The narrative itself is simple: A. is sitting in the garden, rapt in thought. He has a voice-experience. All that he will say of it is `vocem de vicina domo' : that is, in retrospect, the report of the senses. His first reaction is literalist-materialist: `What, did some child say that? Do children say things like that?' When he realized that they do not, he choked back his tears and got up, `nihil aliud interpretans divinitus mihi iuberi' than to go read the book. Now notice that the present participle puts the `realizing it was a divine command' exactly contemporary with and causative to the tear-stopping and up-getting.
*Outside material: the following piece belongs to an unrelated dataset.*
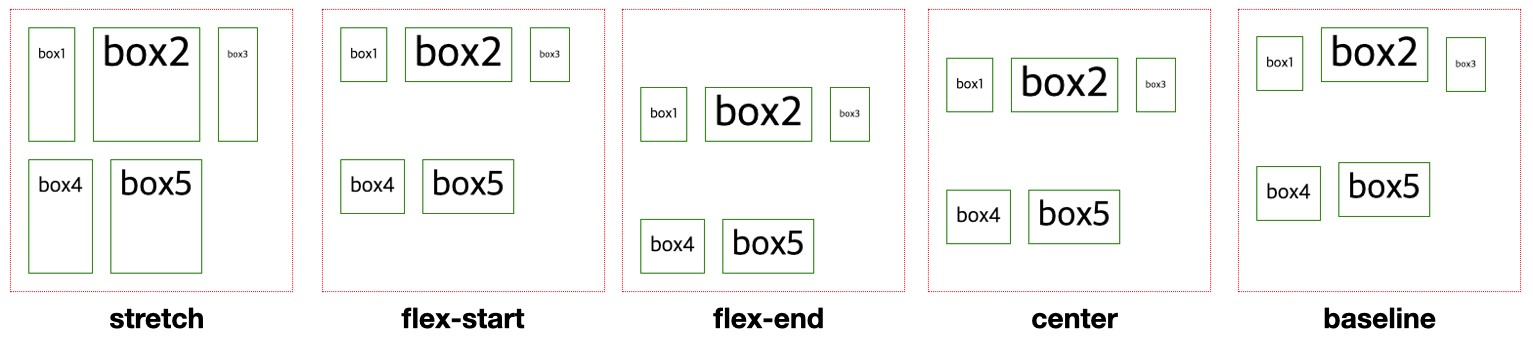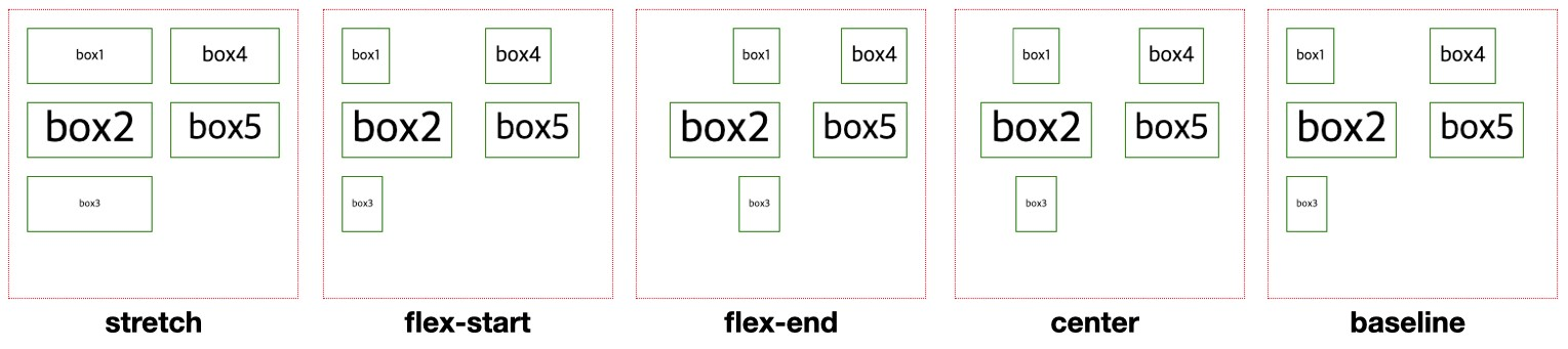 : 자식 요소들을 축의 수직 방향으로 어떻게 정렬할 것인지 정함. 요소들이 가로로 정렬되어 있다면 세로 방향으론 어떻게 정렬할 것인지, 세로로 정렬되어 있다면 가로 방향으론 어떻게 정렬할 것인지 정하는 속성임.

Thus A.'s own first reaction as he lived through it was to think it material; his mature reaction then and ten years later was to be agnostic about the event, but to interpret it unambiguously as a divine command.
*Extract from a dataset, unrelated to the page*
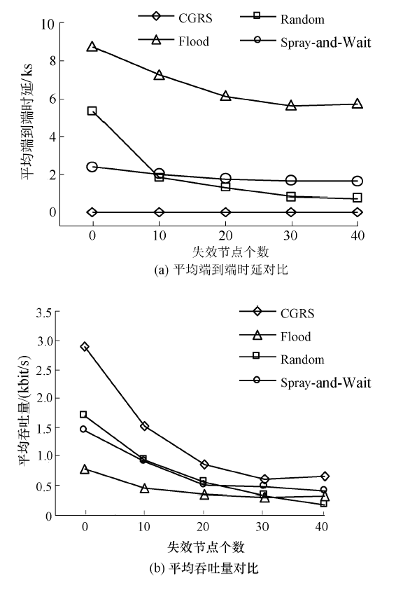 图9是各路由方法在不同失效节点个数时的网络性能对比.Flood路由在时延和吞吐量上性能最差.相比之下, Spray-wait算法在参考Flood算法的情况下作了改进, 一定程度上提高了网络的性能.本文仿真实验中, 联系图路由虽然以跳数最短为择路标准, 但在时延和吞吐量方面也具有更好的性能, 与其他算法相比在路由性能上有着明显的优势.

contritione cordis mei: Ps. 50.19, `sacrificium deo spiritus contribulatus, cor contritum et humilatum, deus, non spernes'; see on 8.12.28.
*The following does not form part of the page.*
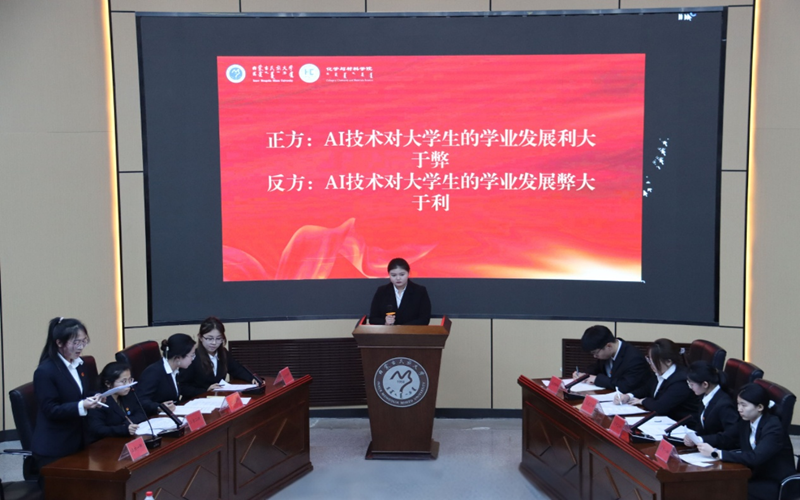 另一辩题“ AI 技术对大学生的学业发展利大于弊还是弊大于利”同样引发了激烈交锋。正方指出 AI 技术能够为大学生提供海量学习资源、智能学习辅助工具,帮助提高学习效率、拓展知识边界;反方则担忧 AI 技术可能导致学生过度依赖、自主思考能力下降,甚至存在学术不端风险,如利用 AI 完成作业、撰写论文等。

ecce: For ecce, see on 1.5.5 and on 8.6.14. Apoc. 14.1-2 (VL), `et ecce vidi agnum stantem in montem Sion . . . (2) et audivi vocem de caelo quasi sonum multarum aquarum aut magni tonitrui et vox quam audivi quasi citharoedorum citharizantium.' Courcelle, Recherches 194n1 (and cf. 38n6), brings in 3.5.9, where `ecce video' is a figure of speech; at 194n2 he suggests 7.10.16 (the first `ascent'), `tamquam audirem vocem de excelso, cibus sum grandium.' But there A. goes on to give an explicit disclaimer of literality: `audivi sicut auditur in corde'. At Les Confessions 181, Courcelle cites as another incorporeal `audition' sol. 1.1.1, `ait mihi subito sive ego ipse sive alius quis, extrinsecus sive intrinsecus, nescio; . . . litteris manda'. Hence he concludes (Les Confessions 182n2), `Le brusque retour du rêve intérieur est marqué par: et ecce audio . . .'
vocem: Non-material interpretations of the voice do not fit well with A.'s explicit discussion elsewhere of the nature of admonitory divine voices: see Gn. litt. 9.2.3, `an forte in mente ipsius hominis hoc dixit deus, sicut loquitur quibusdam servis suis in ipsis servis suis? . . . an aliqua de hac re ipsi homini in ipso homine per angelum est facta revelatio in similitudinibus vocum corporalium, quamvis tacuerit scriptura, utrum in somnis an in ecstasi? ita enim fieri haec solent. an aliquo modo sicut revelatur prophetis? . . . an per corporalem creaturam vox ipsa sonuerit sicut de nube, hic est filius meus?' Cf. also ep. 80.3 (to Paulinus and Therasia), `sed plerumque non voce de caelo, non per prophetam, non per revelationem vel somnii vel excessus mentis quae dicitur ecstasis, sed rebus ipsis accidentibus et ad aliud quam statueramus vocantibus cogimur agnoscere dei voluntatem aliam quam erat nostra'. Perhaps closest is s. 12.4.4 (393/5), `multi autem modi sunt, quibus nobiscum loquitur deus. . . . loquitur per sortem, sicut de Matthia in locum Iudae ordinando locutus est. . . . loquitur per aliquam vocalem sonantemque creaturam, sicut de caelo voces factas, cum oculis nullus videretur, legimus et tenemus.' (Courcelle did not cite or discuss these texts.)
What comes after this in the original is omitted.